Helen’s drink dropped to the floor, the glass shattering on the tile hearth. Leland sat, as if he hadn’t noticed. Helen’s other hand went to her ear. For a moment, Maggie thought of the three monkeys, though for all the comfort she offered her daughter, Helen might just as well have been blind and mute too.
“What in the name of God was I thinking?” McMaster said, as if expecting an answer. “Don’t think you’re without blame,” he said now, turning on Helen. “You drove me to it.” Then to Maggie, “What was I supposed to do? Have an affair? Ruin my reputation?” He sat for a moment, concentrating on his drink. “I should have
fucked
your sister,” Leland said to no one.
The room was silent, the wind against the shutters the only sound. At that moment, it was as if a bomb had been dropped, or a dam burst, or a great cloud of toxic ash had descended upon them so rapidly they hadn’t time either to speak or to react, the three of them suspended in a single moment where one life ends, another begins—like victims of the eruption at Pompeii.

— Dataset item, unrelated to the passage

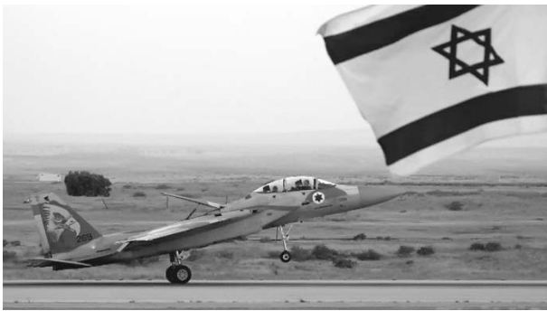
Siria acusa a Israel de atacar con misiles un centro militar en Damasco. Es el segundo ataque en tres días.

Nos respaldan el Derecho Internacional y la Carta de Naciones Unidas para responder a

Had she been able, Maggie would have imagined this to be the way Missy felt when she died, the moment her father snapped her daughter’s neck.
“Stay up half the night if you want,” Leland said to no one in particular, rising from his chair. “I’m going to sleep.” He grasped the bottle of Jack Daniels in his hand, and before walking from the room turned to Maggie and said, “If he comes for me, I won’t go. If he comes for me, I’ll tell him the same as I told you. A man has his appetites and a man makes mistakes. I’ve done nothing a thousand men haven’t done before me, and a thousand more won’t do after.”
With those parting words, Leland McMaster made his way up the stairs and to bed.
…
By the time Dojcsak arrived, the home was fully engulfed. The firefighters had removed the remains, which now lay on the gravel in the front drive, covered with plastic tarp. All that was left was to contain the blaze and to prevent the rising breeze from carrying the flame toward the barn, where more than one dozen horses, sensing the danger, snorted and kicked, stamping their hooves and ramming their heavy flanks into the paddock until the splinters pierced their hide. The Fire Chief was watchful, prepared to release the animals to the fields the moment it appeared the fire might spread. Given their frenzy, he wondered if it might be best to do it now.
“It’s as if the blaze began in two places, simultaneously,” he was telling Dojcsak. “In the living room, downstairs, and at the same time in a second floor bedroom. We arrived quickly,” he said as if excusing himself, “but the house is old, wood frame.” He shrugged. “There was little we could do.”
“Careless smoking?” Dojcsak ventured.
“I’m not a forensic analyst,” the Fire Chief replied, “but I’m guessing an accelerant was involved. The burn pattern is pronounced where we found the bodies. It appears to have been deliberately set, as if the bodies themselves may have been doused.”
“Homicide?” asked Dojcsak.
“Homicide, suicide, both? That’s for you and the coroner to decide, Sheriff,” the Fire Chief said. He then excused himself to monitor the blaze.